The better rule is: **align these services with team boundaries.** If one team owns both iOS and Android, one shared service is fine. Two independent teams? Keep them separate.
What this layer actually does
1. Data aggregation
In a microservice architecture, a single page often pulls data from multiple services. A product detail page — product info from a product service, stock from inventory, pricing from a pricing service, recommendations from a recommendation service.
Without a middle layer, the frontend fires 4 requests and stitches them together. With it, one request goes out, the aggregation layer fetches all 4 downstream services in parallel, and returns the assembled result.
2. Data trimming
Same user info. On desktop list view you need name, email, avatar, role. On mobile list view you just need name and avatar. The BFF trims the response based on which client is asking.
3. Protocol translation
Your downstream might use gRPC, SOAP, or even old XML endpoints. This service translates it all into frontend-friendly JSON REST or GraphQL. The frontend never needs to know what’s happening on the other side.
4. Authentication and session management
It can also act as an auth gateway — handling login, token refresh, permission checks. The frontend gets clean, authenticated data.
BFF vs API Gateway
This is the most common question. Here’s the breakdown:
| Dimension | API Gateway | BFF Layer |
|---|---|---|
| Purpose | General routing gateway | Frontend-specific backend |
| Audience | All clients | Specific frontend experience |
| Responsibilities | Routing, rate limiting, auth, logging | Data aggregation, trimming, UI adaptation |
| Maintained by | Infrastructure team | Frontend team |
| Code style | Config-driven, generic | Tightly coupled to frontend |
In production, they often work together: request hits Gateway (rate limiting, auth), then the BFF layer (data aggregation), then downstream microservices. The gateway doesn’t replace the frontend backend — they solve different problems.
Node.js in the picture
What language do frontend teams know best? JavaScript and TypeScript. Building this backend layer with Node.js means the frontend team owns it end to end. No cross-team communication overhead. That’s why so many teams choose Node.js for this role.
Popular choices:
– Next.js API Routes / Server Actions — if you’re already on React, this is the most natural fit
– NestJS — TypeScript full-stack framework for heavier setups
– Express / Fastify — lightweight, roll your own
Quick Express example:
```javascript
// compose product details for the frontend
app.get('/api/product/:id', async (req, res) => {
const [product, stock, price] = await Promise.all([
fetch(`http://product-service/products/${req.params.id}`),
fetch(`http://inventory-service/stock/${req.params.id}`),
fetch(`http://pricing-service/price/${req.params.id}`),
]);
const data = {
...(await product.json()),
stock: (await stock.json()).quantity,
price: (await price.json()).amount,
};
// Mobile doesn't need all fields
if (req.headers['x-client'] === 'mobile') {
delete data.description;
delete data.specs;
}
res.json(data);
});
```
Common pitfalls
1. It becomes a “fat layer”
This service is supposed to be thin.
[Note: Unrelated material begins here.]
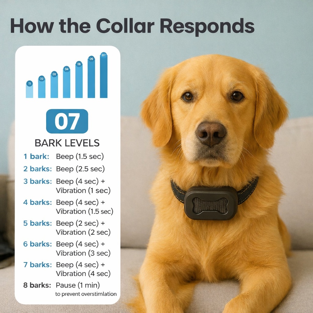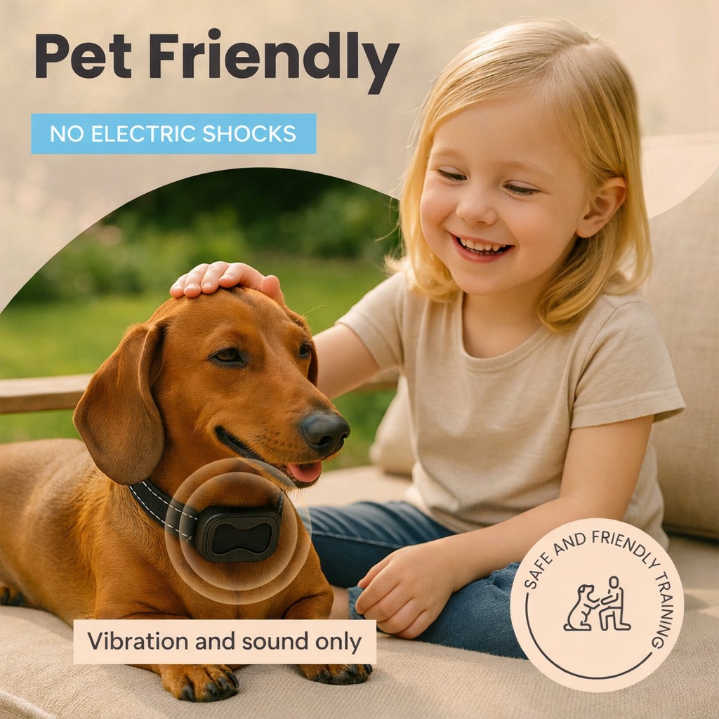The Pawesome anti-bark collar helps your dog gently and safely break the habit of excessive barking. The collar doesn’t use electric shocks, but works exclusively with gentle beeps and vibrations. This makes it a pet-friendly solution suitable for daily use. The intensity of the correction gradually increases if your dog continues to bark, and it automatically stops after seven times to prevent overstimulation.

If you cram business logic in there, it becomes another single point of failure. It should handle presentation-related logic and client adaptation — nothing more.
2. Added latency
Every extra hop costs time. If you don’t parallelize downstream calls, the serial overhead adds up fast. Always use Promise.all or equivalent for independent fetches.
3. Team ownership confusion
If the backend team maintains this layer, you’ve missed the point. The whole value here is that the frontend team owns it — releases at their pace, priorities driven by their UX. If changing a display field requires queuing with the backend team, there’s no benefit.
4. Over-engineering
A simple CRUD admin panel with one frontend client doesn’t need this. Adding a layer with zero benefit just creates maintenance overhead. It makes sense when you have multiple clients or distributed data sources — don’t jump on it for every project.
When to use this pattern
Based on Sam Newman’s original article and Microsoft’s Azure Architecture guide:
Good fit:
– Multiple frontend clients (Web, iOS, Android) with differing needs
– Microservice backend with distributed data sources
– Frontend team wants to own the API contract
Bad fit:
– Only one frontend client
– All clients have nearly identical requirements
– Project is still in MVP — speed trumps architectural purity
Wrapping up
This isn’t a flashy architectural pattern. It exists because of a real-world problem: in a multi-client world, general-purpose backends can’t keep up with every frontend’s unique requirements.
Its real value is moving API ownership from the backend to the frontend team. Building this kind of dedicated service isn’t about making frontend engineers write backend code — it’s about letting the people who know the user experience best decide how data is organized, assembled, and returned.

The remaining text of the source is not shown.